Problem to work on: From the records below, please print only the lines from the one containing "在数据发布后,让人吃惊意外的还有网民的收入情况。" through the one containing "市民在定點藥店刷卡購藥。記者 趙越 攝", both included. Skip the pictures.

================

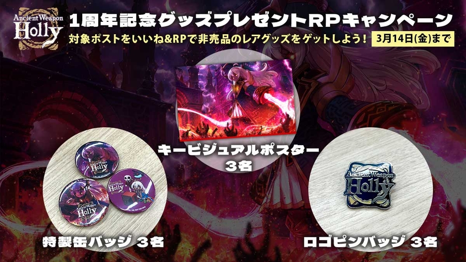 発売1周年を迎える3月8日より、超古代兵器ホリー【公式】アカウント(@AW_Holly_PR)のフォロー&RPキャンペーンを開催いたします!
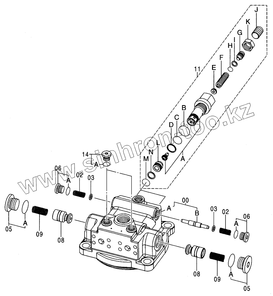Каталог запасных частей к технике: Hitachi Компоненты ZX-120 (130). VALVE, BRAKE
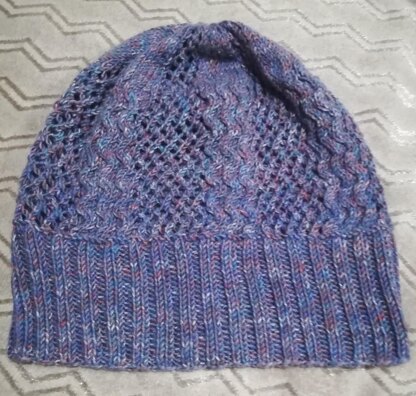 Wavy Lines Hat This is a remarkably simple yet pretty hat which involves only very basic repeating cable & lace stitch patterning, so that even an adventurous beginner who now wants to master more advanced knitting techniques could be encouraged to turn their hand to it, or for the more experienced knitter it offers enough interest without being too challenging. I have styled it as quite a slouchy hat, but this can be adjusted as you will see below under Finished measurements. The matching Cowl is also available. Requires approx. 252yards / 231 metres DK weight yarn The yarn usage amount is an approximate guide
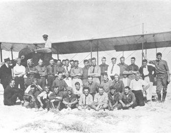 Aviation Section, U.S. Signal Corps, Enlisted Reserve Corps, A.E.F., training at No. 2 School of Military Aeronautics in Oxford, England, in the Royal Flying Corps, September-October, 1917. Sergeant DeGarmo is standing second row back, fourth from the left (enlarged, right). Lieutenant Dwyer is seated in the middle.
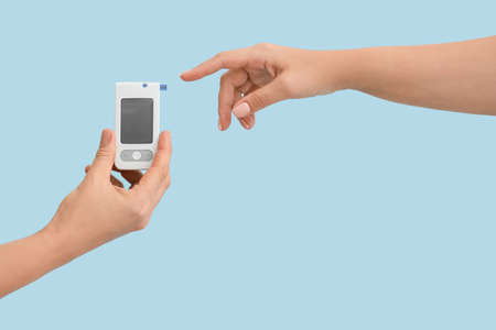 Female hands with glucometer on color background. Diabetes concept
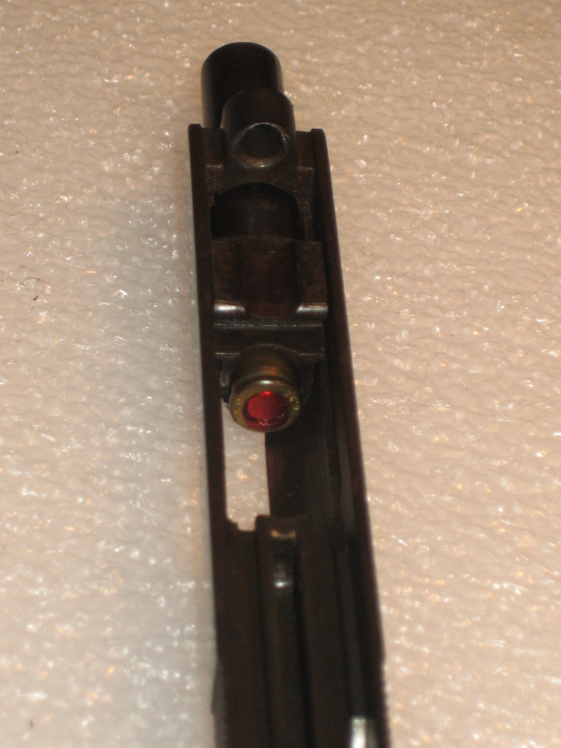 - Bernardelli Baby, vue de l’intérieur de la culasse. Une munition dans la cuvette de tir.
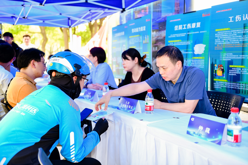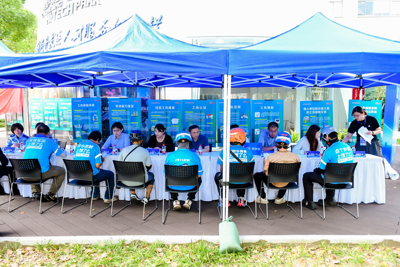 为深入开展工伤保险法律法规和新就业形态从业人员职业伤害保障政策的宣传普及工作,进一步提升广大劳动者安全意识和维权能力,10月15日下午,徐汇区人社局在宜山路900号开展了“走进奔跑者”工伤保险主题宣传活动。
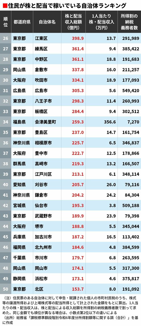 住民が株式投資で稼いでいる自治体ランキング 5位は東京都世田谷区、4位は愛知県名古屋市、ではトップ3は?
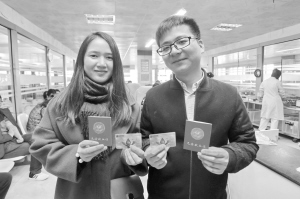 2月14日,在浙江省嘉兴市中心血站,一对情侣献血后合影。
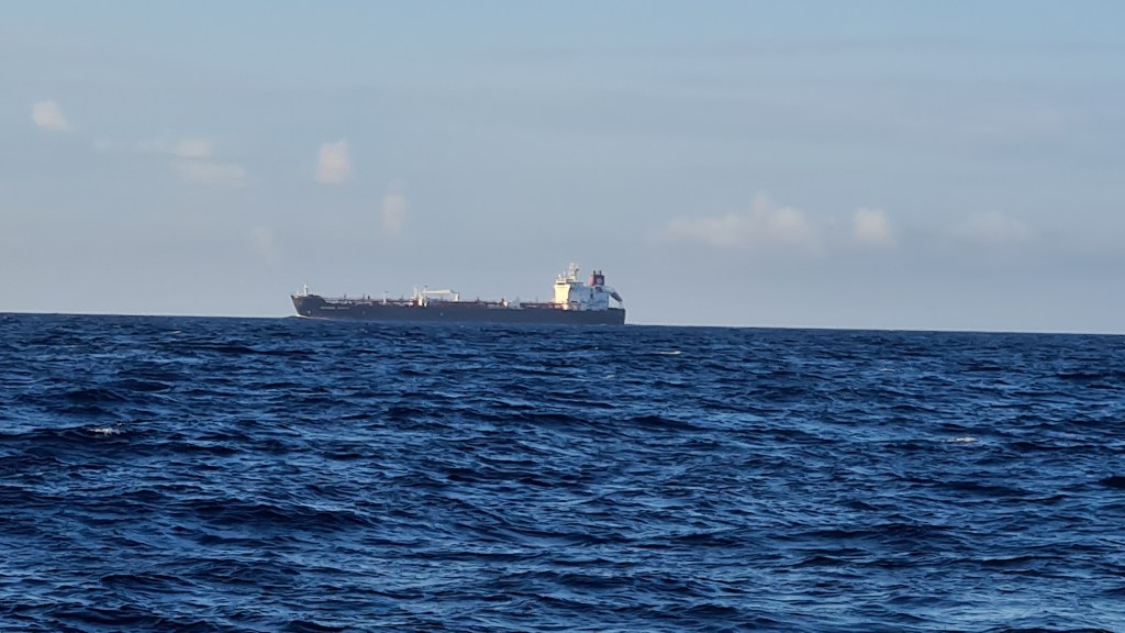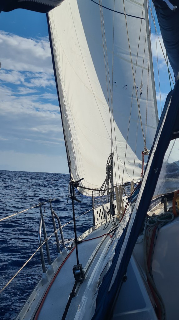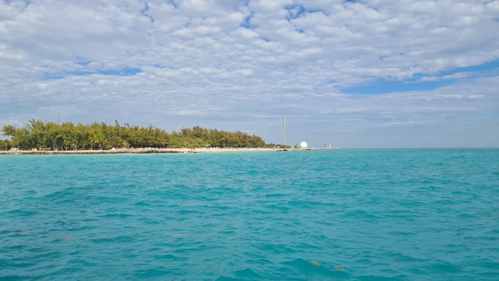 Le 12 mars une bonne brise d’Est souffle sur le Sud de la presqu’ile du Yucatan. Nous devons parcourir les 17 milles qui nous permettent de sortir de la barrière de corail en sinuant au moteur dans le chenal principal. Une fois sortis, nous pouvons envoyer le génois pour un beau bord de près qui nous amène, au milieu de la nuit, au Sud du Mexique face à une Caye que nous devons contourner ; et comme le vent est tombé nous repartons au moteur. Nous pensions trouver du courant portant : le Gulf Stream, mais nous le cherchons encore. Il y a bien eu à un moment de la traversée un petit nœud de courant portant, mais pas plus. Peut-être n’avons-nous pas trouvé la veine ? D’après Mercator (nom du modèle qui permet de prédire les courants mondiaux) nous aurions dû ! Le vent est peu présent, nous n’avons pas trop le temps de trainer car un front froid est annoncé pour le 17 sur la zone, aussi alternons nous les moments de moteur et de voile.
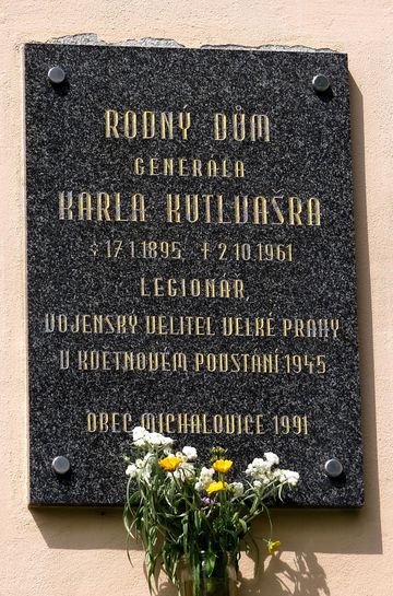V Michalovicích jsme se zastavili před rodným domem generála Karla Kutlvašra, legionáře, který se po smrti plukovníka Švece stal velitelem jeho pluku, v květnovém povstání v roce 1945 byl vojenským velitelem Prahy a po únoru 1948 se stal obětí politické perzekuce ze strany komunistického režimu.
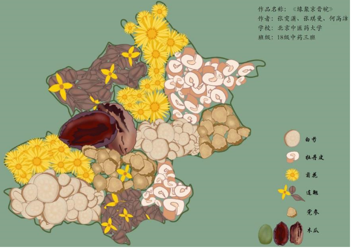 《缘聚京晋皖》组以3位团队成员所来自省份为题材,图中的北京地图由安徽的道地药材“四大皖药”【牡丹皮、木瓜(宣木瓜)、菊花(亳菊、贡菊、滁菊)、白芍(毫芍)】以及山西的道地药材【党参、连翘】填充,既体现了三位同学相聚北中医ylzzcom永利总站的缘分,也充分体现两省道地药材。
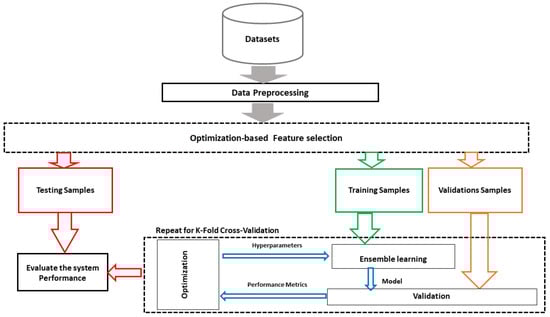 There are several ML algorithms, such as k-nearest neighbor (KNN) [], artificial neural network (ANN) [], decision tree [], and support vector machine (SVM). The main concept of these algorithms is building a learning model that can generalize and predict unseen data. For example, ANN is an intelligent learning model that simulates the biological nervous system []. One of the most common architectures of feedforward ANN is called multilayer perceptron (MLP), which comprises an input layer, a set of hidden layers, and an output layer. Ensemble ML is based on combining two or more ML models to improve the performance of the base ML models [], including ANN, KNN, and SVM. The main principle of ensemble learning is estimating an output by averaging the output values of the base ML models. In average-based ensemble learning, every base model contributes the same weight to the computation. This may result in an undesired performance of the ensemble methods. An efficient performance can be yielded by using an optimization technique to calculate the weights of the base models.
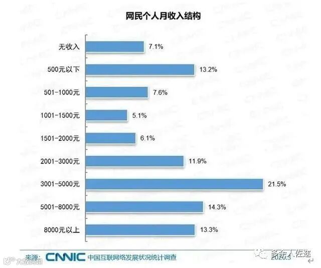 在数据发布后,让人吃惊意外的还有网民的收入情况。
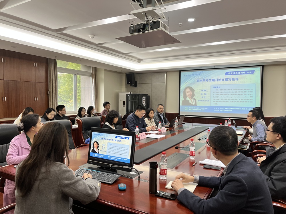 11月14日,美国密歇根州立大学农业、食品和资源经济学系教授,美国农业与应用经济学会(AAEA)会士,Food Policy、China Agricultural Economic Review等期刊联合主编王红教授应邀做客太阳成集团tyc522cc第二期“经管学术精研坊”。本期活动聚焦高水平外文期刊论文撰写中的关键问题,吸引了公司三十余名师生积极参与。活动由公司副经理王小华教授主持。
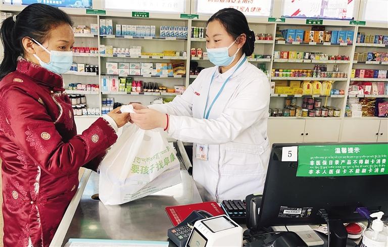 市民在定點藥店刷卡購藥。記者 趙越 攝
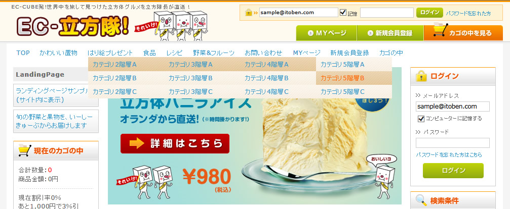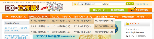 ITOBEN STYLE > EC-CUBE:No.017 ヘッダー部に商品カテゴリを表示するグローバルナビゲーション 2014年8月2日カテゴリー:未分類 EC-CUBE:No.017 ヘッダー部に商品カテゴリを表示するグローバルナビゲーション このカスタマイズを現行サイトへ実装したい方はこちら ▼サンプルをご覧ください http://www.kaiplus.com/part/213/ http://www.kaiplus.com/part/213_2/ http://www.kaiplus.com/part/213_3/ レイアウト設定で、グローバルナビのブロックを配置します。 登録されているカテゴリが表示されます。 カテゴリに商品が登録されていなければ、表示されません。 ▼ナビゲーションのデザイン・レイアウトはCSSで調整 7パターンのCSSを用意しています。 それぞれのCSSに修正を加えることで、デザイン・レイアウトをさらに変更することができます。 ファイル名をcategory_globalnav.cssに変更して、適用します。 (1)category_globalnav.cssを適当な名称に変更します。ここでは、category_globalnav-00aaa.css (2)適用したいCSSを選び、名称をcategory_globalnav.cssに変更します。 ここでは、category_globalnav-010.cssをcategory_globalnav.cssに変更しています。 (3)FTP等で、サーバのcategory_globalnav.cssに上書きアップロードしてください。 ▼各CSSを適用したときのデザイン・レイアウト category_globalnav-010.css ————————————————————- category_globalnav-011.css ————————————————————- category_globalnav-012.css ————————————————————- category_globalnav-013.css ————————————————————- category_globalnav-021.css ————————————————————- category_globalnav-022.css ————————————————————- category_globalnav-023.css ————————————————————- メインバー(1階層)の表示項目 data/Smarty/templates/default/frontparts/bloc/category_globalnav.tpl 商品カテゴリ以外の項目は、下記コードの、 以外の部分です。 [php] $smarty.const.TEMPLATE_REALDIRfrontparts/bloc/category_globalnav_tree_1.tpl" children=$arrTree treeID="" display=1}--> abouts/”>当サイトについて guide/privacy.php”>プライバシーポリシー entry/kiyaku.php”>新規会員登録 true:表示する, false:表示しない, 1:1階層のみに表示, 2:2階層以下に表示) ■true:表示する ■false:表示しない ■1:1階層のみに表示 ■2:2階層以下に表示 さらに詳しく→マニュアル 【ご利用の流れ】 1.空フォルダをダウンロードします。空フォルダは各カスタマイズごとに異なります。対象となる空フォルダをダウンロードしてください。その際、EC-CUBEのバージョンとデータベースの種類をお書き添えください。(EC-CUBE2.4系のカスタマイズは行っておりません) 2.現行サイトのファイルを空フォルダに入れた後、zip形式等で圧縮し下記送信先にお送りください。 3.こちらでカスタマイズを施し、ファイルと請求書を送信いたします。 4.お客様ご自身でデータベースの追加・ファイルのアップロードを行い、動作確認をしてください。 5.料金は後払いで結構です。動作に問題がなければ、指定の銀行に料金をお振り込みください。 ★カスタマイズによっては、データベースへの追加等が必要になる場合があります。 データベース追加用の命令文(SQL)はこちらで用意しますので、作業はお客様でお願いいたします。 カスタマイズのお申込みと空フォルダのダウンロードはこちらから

================

Solution to this exercise:
 在数据发布后,让人吃惊意外的还有网民的收入情况。
 11月14日,美国密歇根州立大学农业、食品和资源经济学系教授,美国农业与应用经济学会(AAEA)会士,Food Policy、China Agricultural Economic Review等期刊联合主编王红教授应邀做客太阳成集团tyc522cc第二期“经管学术精研坊”。本期活动聚焦高水平外文期刊论文撰写中的关键问题,吸引了公司三十余名师生积极参与。活动由公司副经理王小华教授主持。
 市民在定點藥店刷卡購藥。記者 趙越 攝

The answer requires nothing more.